5.2 Effect of Termination. In the event of termination of this Agreement by either Tersus or GTLL as provided in Section 5.1, this Agreement shall forthwith become void and have no effect, without any liability or obligation on the part of GTLL, Tersus, or the Tersus Shareholders. Nothing contained in this Section shall relieve any Party for any breach of the representations, warranties, covenants, or agreements set forth in this Agreement.

 

5.3 Amendment. This Agreement may not be amended except by an instrument in writing signed on behalf of (a) GTLL; (b) Tersus; and (c) Tersus Shareholders (i) if prior to the Closing, that hold a majority of the Tersus Shares to be exchanged for Exchange Shares pursuant to this Agreement, or (ii) if after the Closing, that held at the Closing a majority of the Tersus Shares were exchanged for Exchange Shares pursuant to this Agreement.

 

5.4 Return of Documents.
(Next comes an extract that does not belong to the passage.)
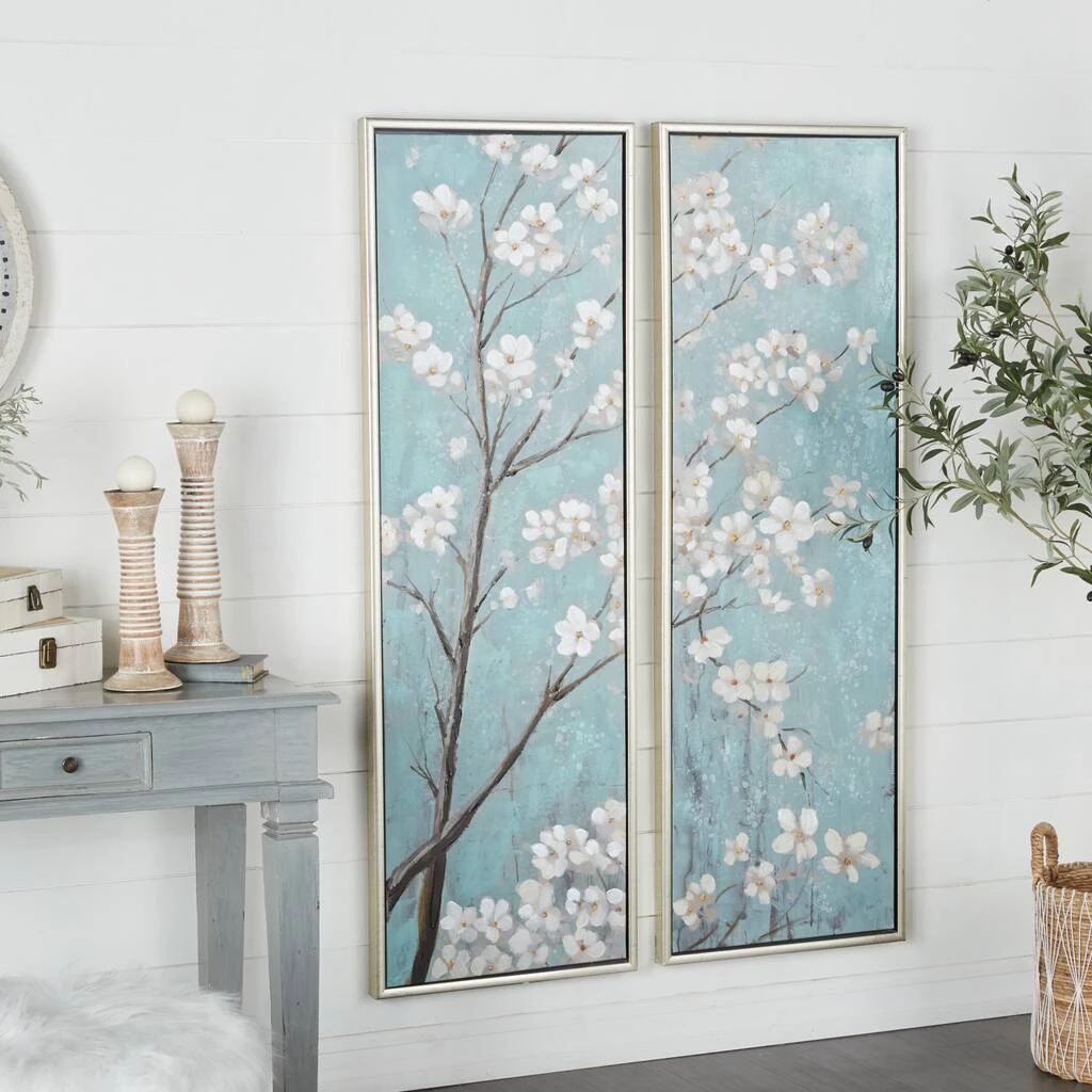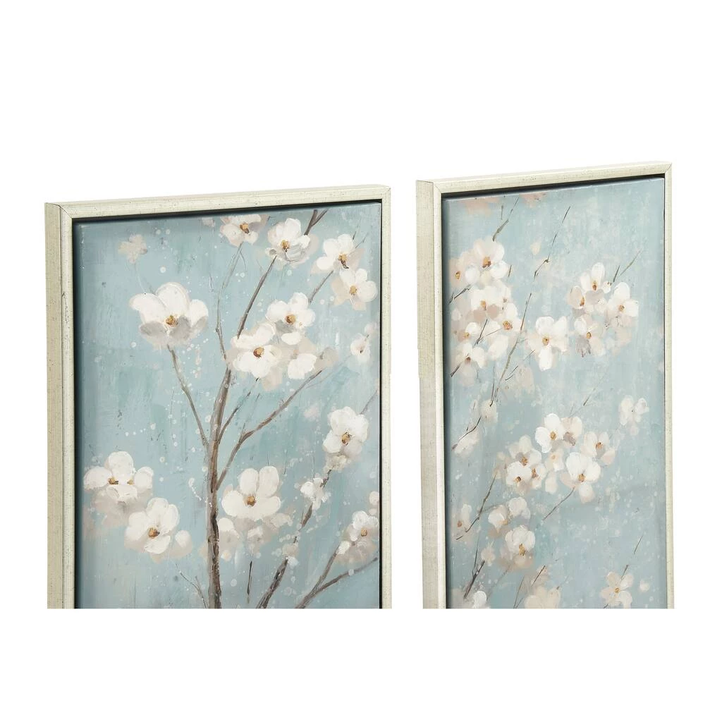 Dreamily botanical, this set of 2 symmetrical white magnolia tree paintings feature soft white petaled flowers blooming from long, brown branches. Side by side, the pair of acrylic paintings create a cohesive depiction of one large tree. The first rectangular painting illustrates the 2 tree branches with flowers, and the second shows the edges of the branches with several white flowers. Both botanical paintings have muted aqua backgrounds with faint, textural paint dabs to create a dimensional atmosphere and are housed in ready-to-hang metallic silver-painted fir wood frames.

In the event of termination or rescission of this Agreement for any reason, GTLL and Tersus will return to the other Party all of the other Party’s documents, work papers, and other materials (including copies) relating to the transactions contemplated in this Agreement, whether obtained before or after execution of this Agreement. GTLL and Tersus will not use any information so obtained from the other Party for any purpose and will take all reasonable steps to have such other Party’s information kept confidential.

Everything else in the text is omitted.